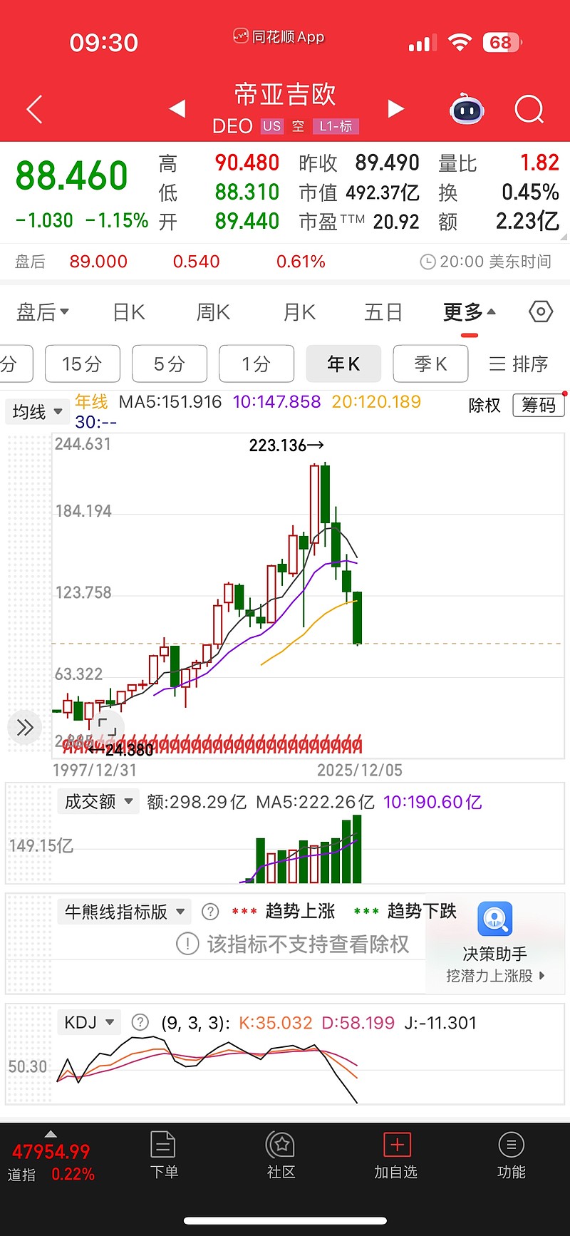 帝亚吉欧(Diageo)作为全球烈酒行业的标杆,旗下拥有尊尼获加、斯米诺等标志性品牌。然而,在美国股市整体大牛市背景下,帝亚吉欧股价却逆势连跌四年,累计跌幅约60%。其核心原因包括:
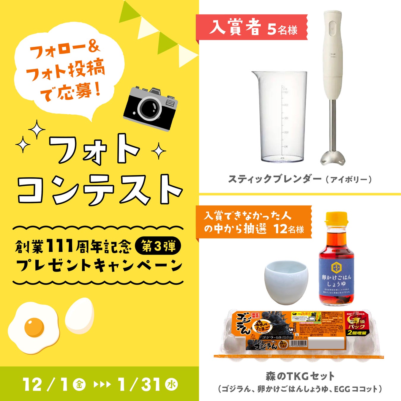 入賞できなかった人の中から抽選:森のTKGセット (ゴジラん、卵かけごはんしょうゆ、EGGココット) 12名様
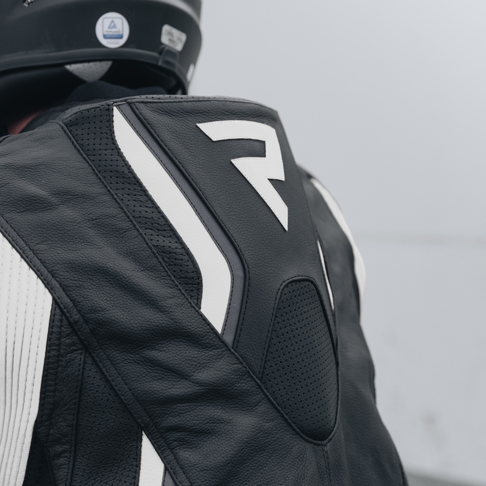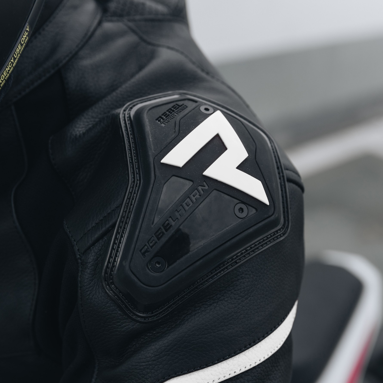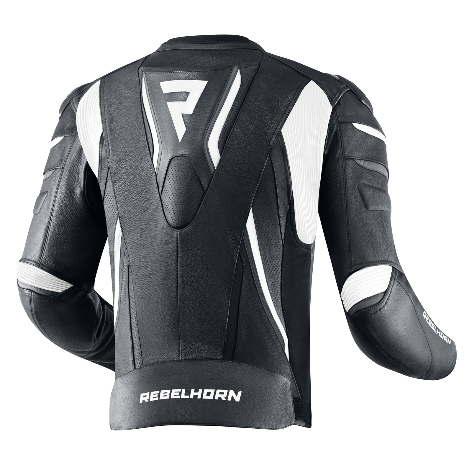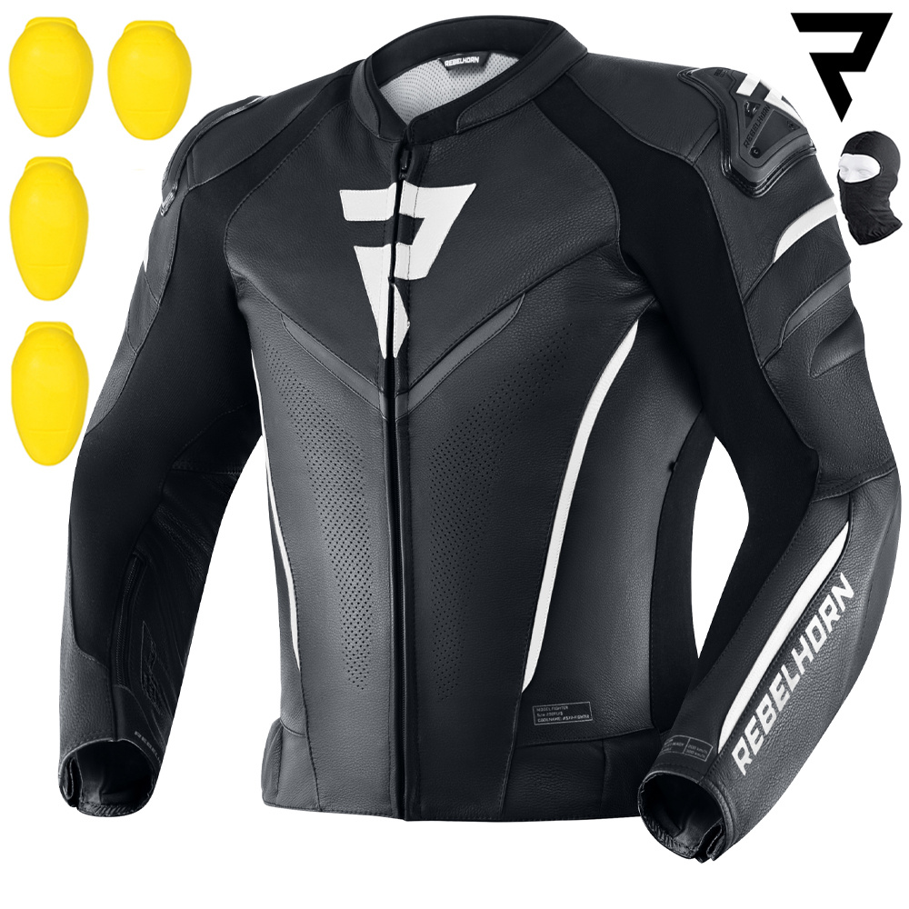 KURTKA MOTOCYKLOWA | REBELHORN FIGHTER BLK/WHT | MĘSKA SKÓRZANA SPORT + GRATIS

=-=-=

YOUR INSTRUCTIONS |
Give back the full listing word for word, with the pictures left out.

SOLUTION FOR THIS TASK |
 帝亚吉欧(Diageo)作为全球烈酒行业的标杆,旗下拥有尊尼获加、斯米诺等标志性品牌。然而,在美国股市整体大牛市背景下,帝亚吉欧股价却逆势连跌四年,累计跌幅约60%。其核心原因包括:
 入賞できなかった人の中から抽選:森のTKGセット (ゴジラん、卵かけごはんしょうゆ、EGGココット) 12名様
 KURTKA MOTOCYKLOWA | REBELHORN FIGHTER BLK/WHT | MĘSKA SKÓRZANA SPORT + GRATIS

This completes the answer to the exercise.